* Your task *
Could you retype all of the records exactly, leaving out every picture?

Extracted records:
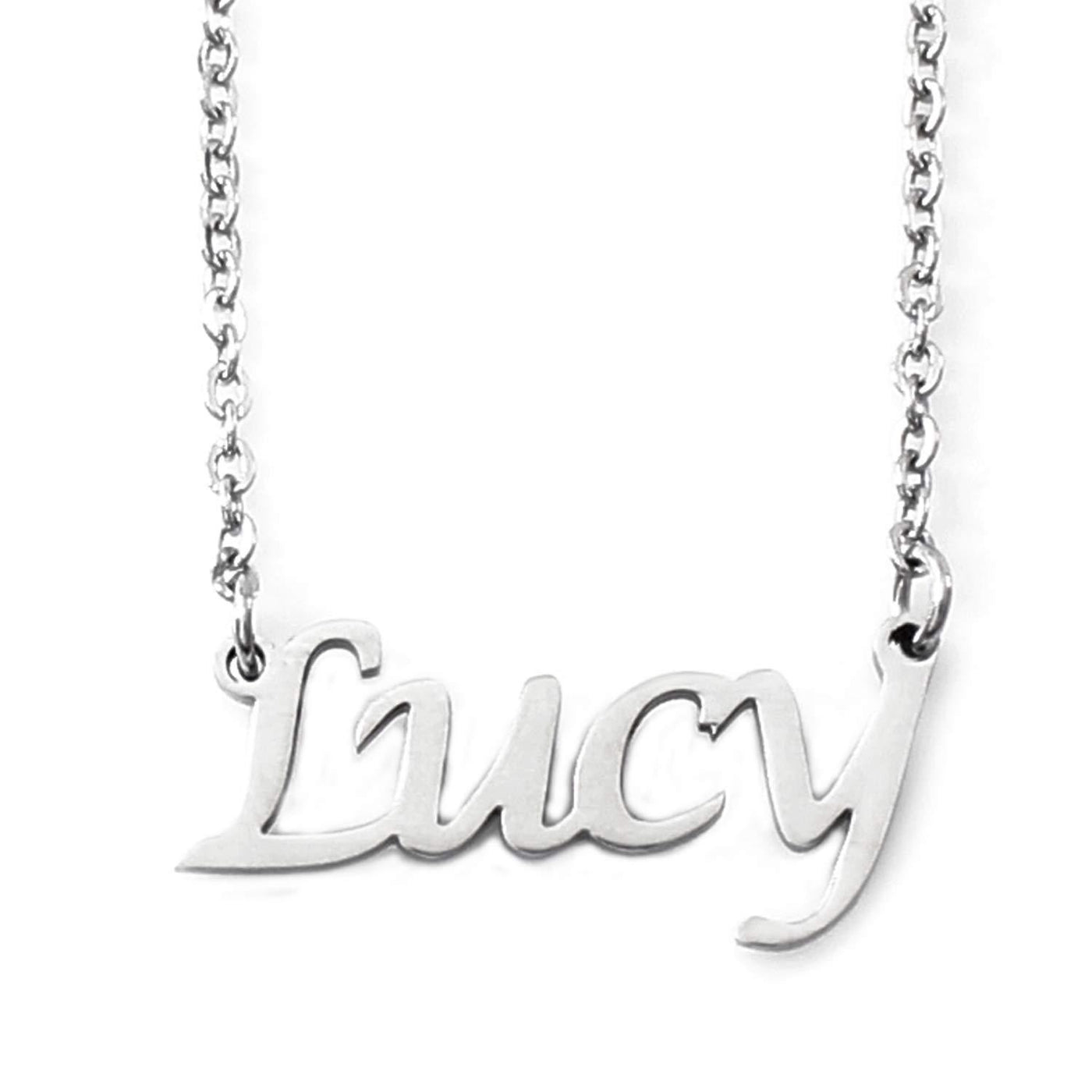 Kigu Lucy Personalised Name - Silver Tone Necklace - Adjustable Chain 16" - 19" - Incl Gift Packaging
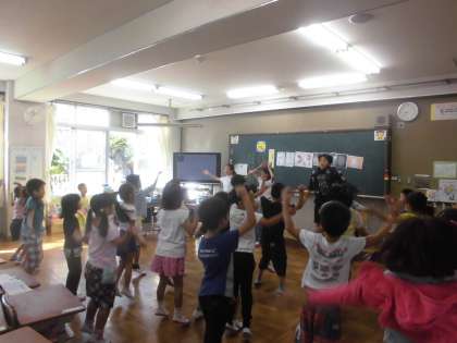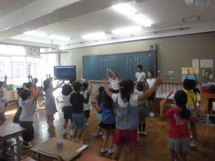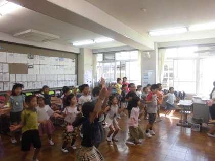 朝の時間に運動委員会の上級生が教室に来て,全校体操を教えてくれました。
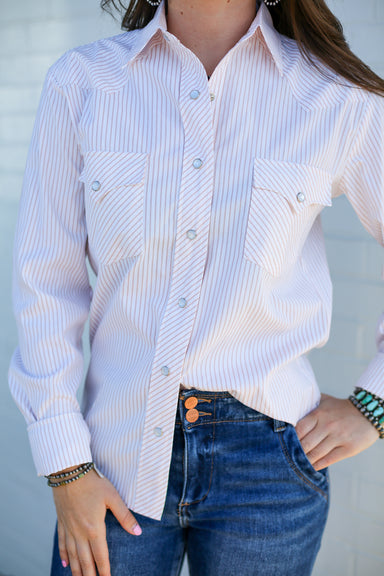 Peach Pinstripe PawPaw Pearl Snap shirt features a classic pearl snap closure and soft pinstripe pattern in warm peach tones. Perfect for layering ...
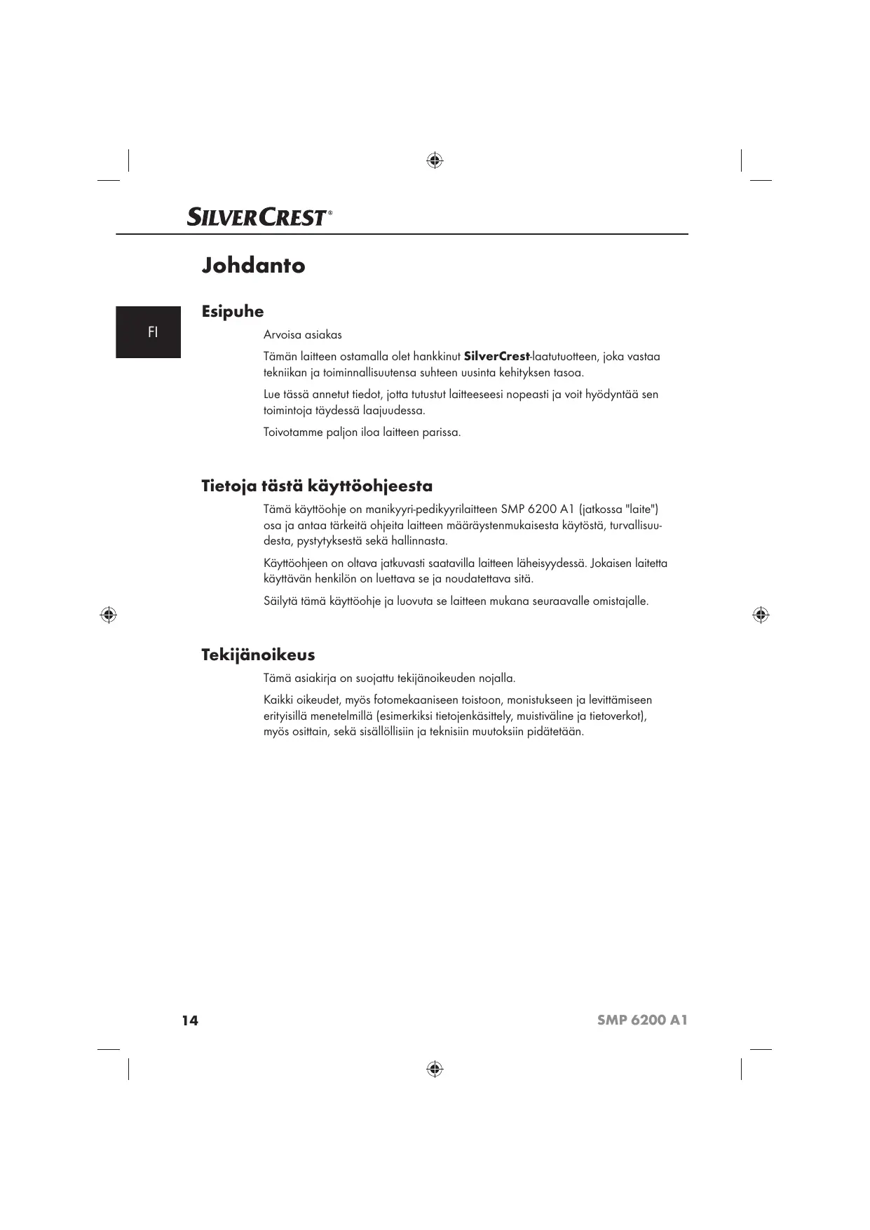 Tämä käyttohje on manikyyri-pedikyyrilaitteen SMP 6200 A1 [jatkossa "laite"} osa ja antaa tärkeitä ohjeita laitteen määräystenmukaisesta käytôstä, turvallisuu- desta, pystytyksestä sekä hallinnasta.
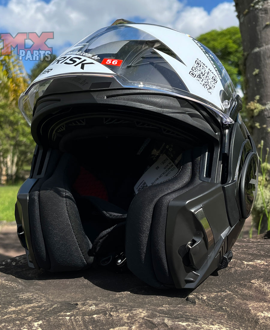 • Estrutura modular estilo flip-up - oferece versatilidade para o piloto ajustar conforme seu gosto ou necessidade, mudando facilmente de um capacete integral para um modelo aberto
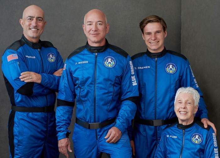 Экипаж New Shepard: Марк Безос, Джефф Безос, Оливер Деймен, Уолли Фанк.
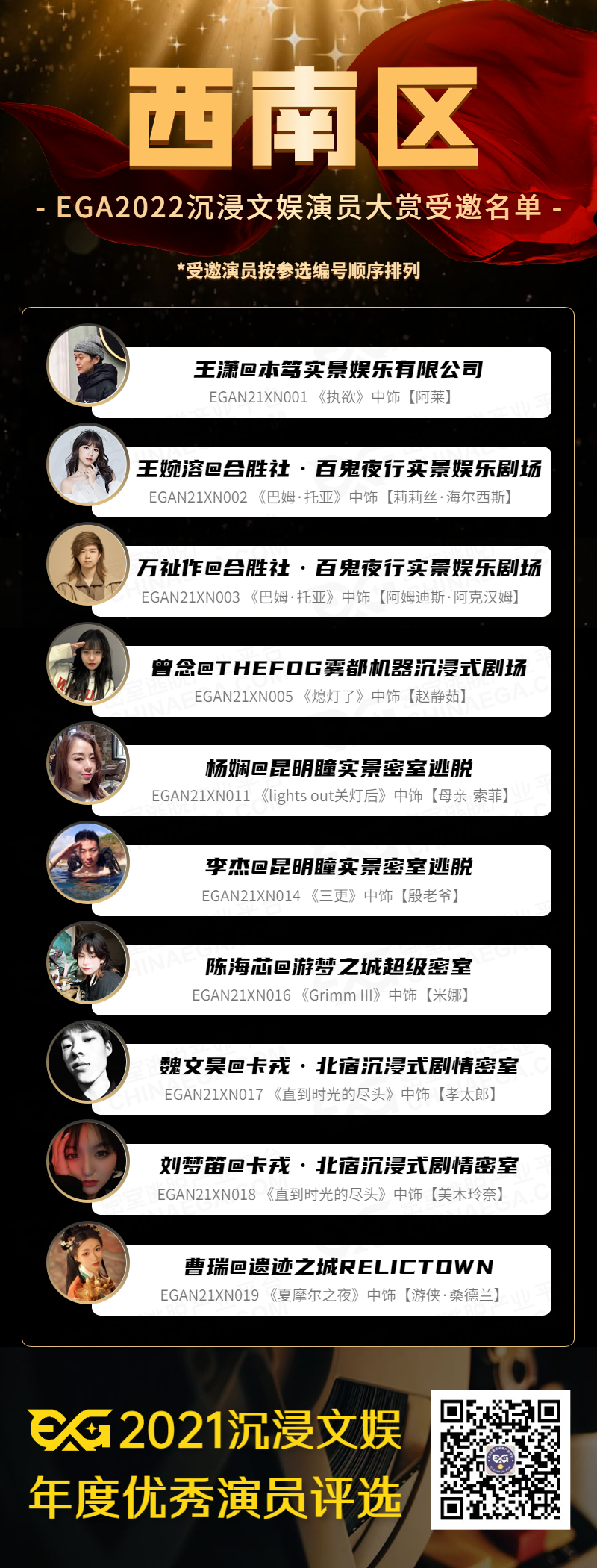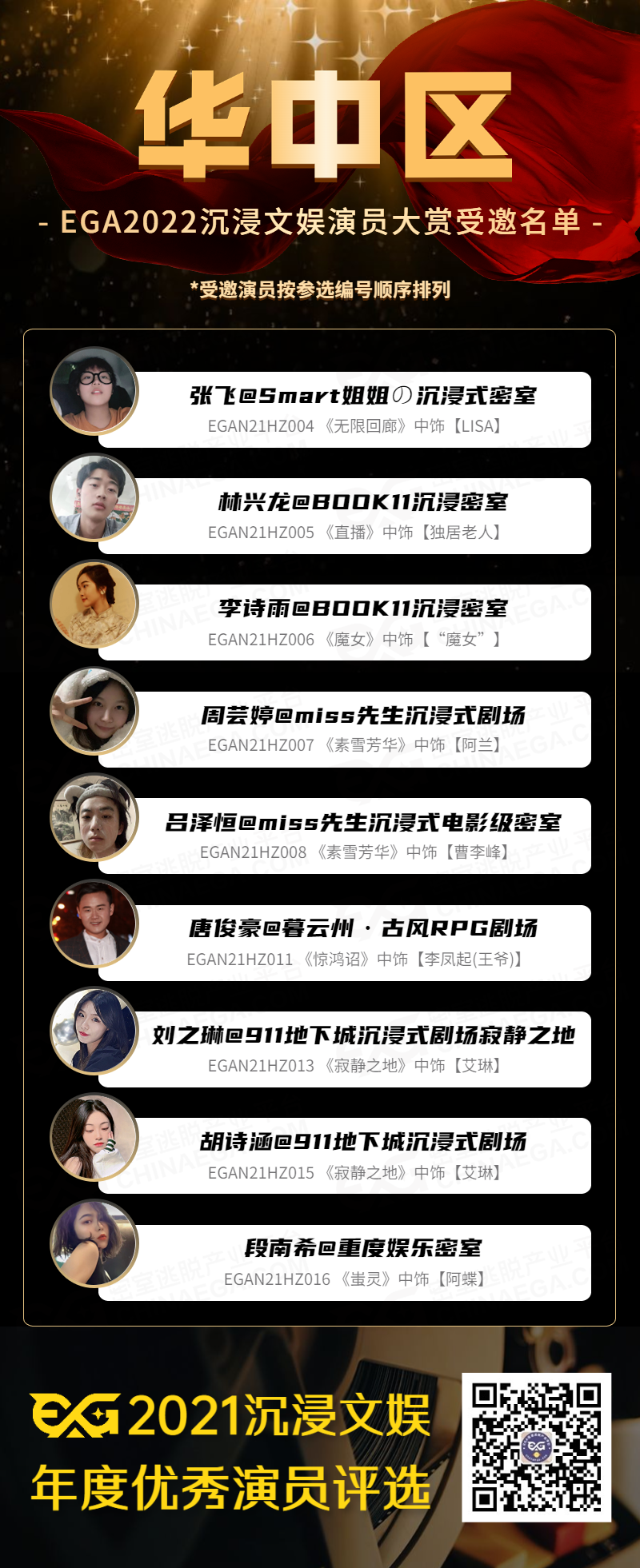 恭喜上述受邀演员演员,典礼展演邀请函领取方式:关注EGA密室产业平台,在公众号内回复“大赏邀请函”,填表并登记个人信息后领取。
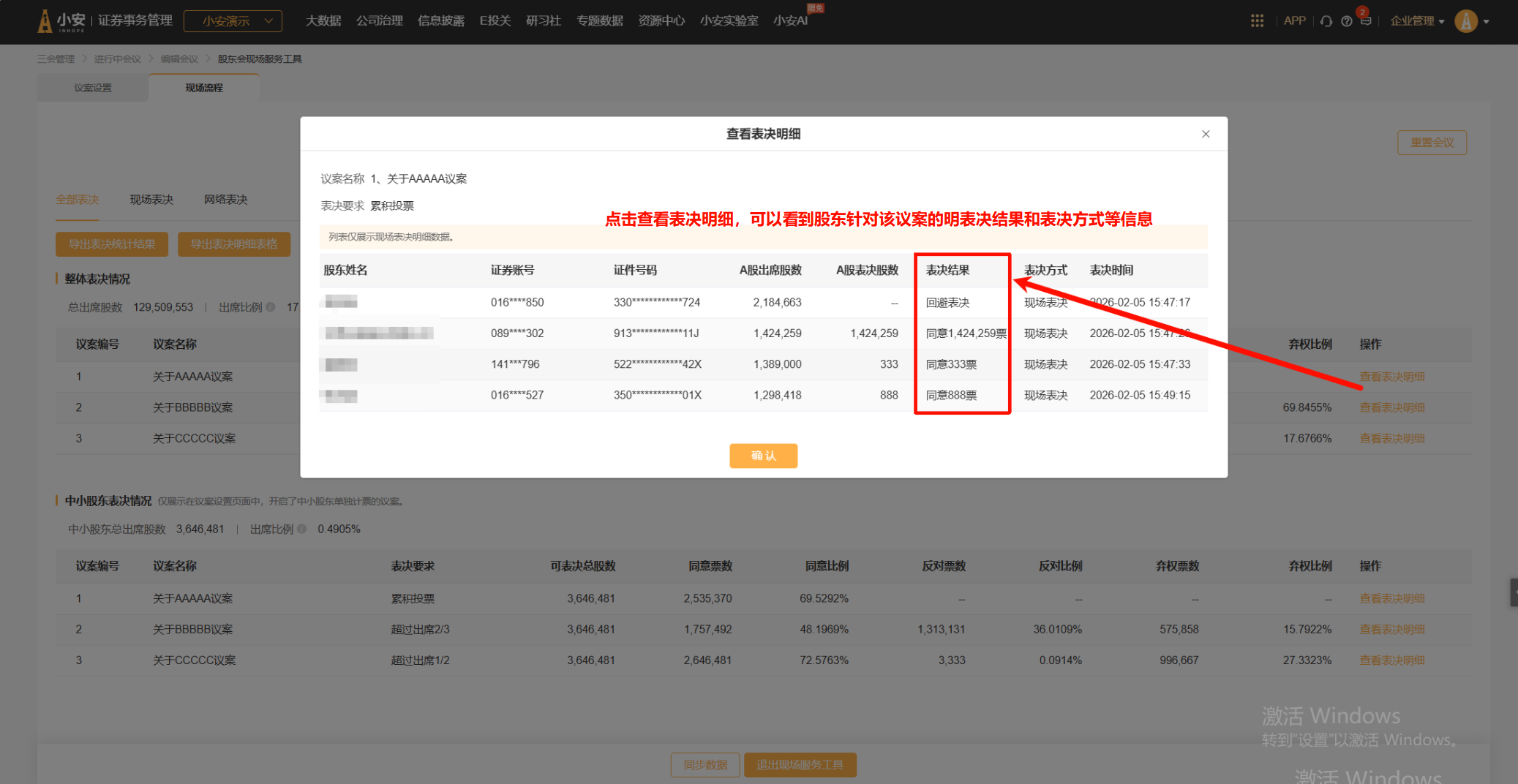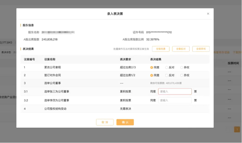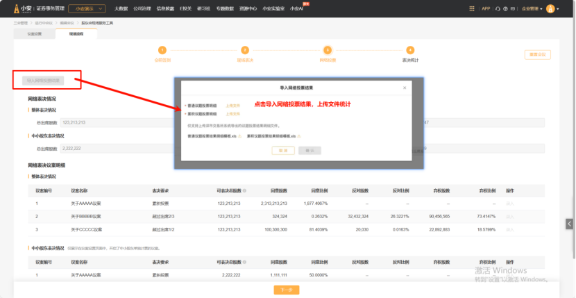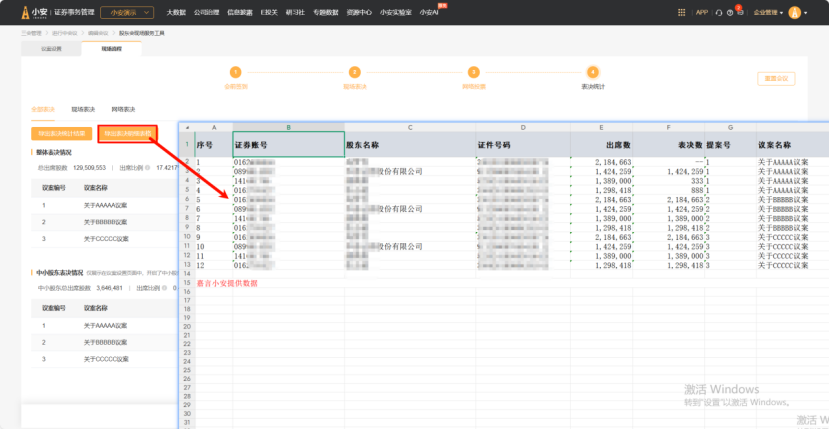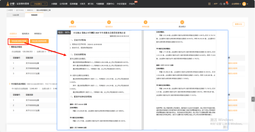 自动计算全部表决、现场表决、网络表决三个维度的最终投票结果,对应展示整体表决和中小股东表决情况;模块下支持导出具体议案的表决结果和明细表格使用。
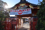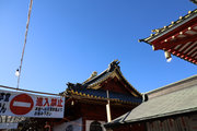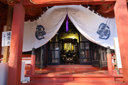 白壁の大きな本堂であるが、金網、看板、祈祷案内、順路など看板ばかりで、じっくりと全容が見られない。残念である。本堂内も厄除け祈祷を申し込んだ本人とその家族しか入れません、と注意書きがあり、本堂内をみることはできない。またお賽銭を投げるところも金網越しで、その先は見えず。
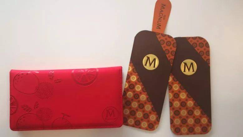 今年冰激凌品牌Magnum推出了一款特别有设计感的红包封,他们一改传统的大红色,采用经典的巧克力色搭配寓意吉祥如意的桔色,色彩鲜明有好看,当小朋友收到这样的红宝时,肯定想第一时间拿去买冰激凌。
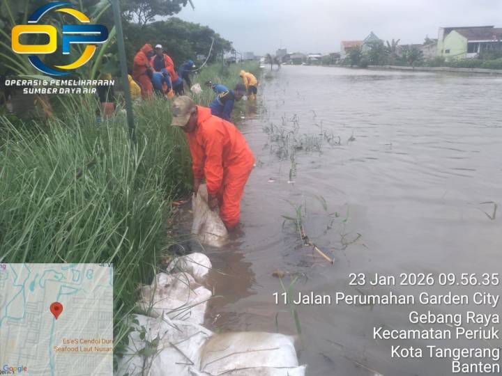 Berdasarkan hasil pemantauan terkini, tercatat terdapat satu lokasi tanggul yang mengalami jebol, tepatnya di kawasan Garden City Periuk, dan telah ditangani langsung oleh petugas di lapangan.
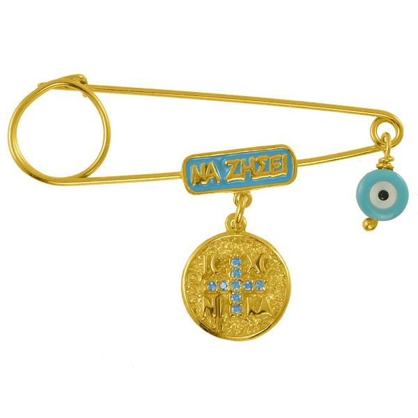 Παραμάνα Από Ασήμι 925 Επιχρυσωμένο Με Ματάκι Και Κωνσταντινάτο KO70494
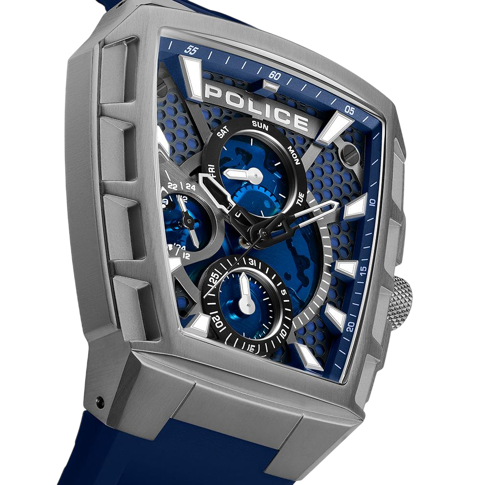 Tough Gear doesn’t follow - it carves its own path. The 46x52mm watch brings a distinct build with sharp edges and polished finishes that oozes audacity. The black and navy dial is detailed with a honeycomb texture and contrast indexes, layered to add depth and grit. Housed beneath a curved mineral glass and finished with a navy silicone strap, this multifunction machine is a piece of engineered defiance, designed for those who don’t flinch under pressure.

* Reply to the task *
 Kigu Lucy Personalised Name - Silver Tone Necklace - Adjustable Chain 16" - 19" - Incl Gift Packaging
 朝の時間に運動委員会の上級生が教室に来て,全校体操を教えてくれました。
 Peach Pinstripe PawPaw Pearl Snap shirt features a classic pearl snap closure and soft pinstripe pattern in warm peach tones. Perfect for layering ...
 Tämä käyttohje on manikyyri-pedikyyrilaitteen SMP 6200 A1 [jatkossa "laite"} osa ja antaa tärkeitä ohjeita laitteen määräystenmukaisesta käytôstä, turvallisuu- desta, pystytyksestä sekä hallinnasta.
 • Estrutura modular estilo flip-up - oferece versatilidade para o piloto ajustar conforme seu gosto ou necessidade, mudando facilmente de um capacete integral para um modelo aberto
 Экипаж New Shepard: Марк Безос, Джефф Безос, Оливер Деймен, Уолли Фанк.
 恭喜上述受邀演员演员,典礼展演邀请函领取方式:关注EGA密室产业平台,在公众号内回复“大赏邀请函”,填表并登记个人信息后领取。
 自动计算全部表决、现场表决、网络表决三个维度的最终投票结果,对应展示整体表决和中小股东表决情况;模块下支持导出具体议案的表决结果和明细表格使用。
 白壁の大きな本堂であるが、金網、看板、祈祷案内、順路など看板ばかりで、じっくりと全容が見られない。残念である。本堂内も厄除け祈祷を申し込んだ本人とその家族しか入れません、と注意書きがあり、本堂内をみることはできない。またお賽銭を投げるところも金網越しで、その先は見えず。
 今年冰激凌品牌Magnum推出了一款特别有设计感的红包封,他们一改传统的大红色,采用经典的巧克力色搭配寓意吉祥如意的桔色,色彩鲜明有好看,当小朋友收到这样的红宝时,肯定想第一时间拿去买冰激凌。
 Berdasarkan hasil pemantauan terkini, tercatat terdapat satu lokasi tanggul yang mengalami jebol, tepatnya di kawasan Garden City Periuk, dan telah ditangani langsung oleh petugas di lapangan.
 Παραμάνα Από Ασήμι 925 Επιχρυσωμένο Με Ματάκι Και Κωνσταντινάτο KO70494
 Tough Gear doesn’t follow - it carves its own path. The 46x52mm watch brings a distinct build with sharp edges and polished finishes that oozes audacity. The black and navy dial is detailed with a honeycomb texture and contrast indexes, layered to add depth and grit. Housed beneath a curved mineral glass and finished with a navy silicone strap, this multifunction machine is a piece of engineered defiance, designed for those who don’t flinch under pressure.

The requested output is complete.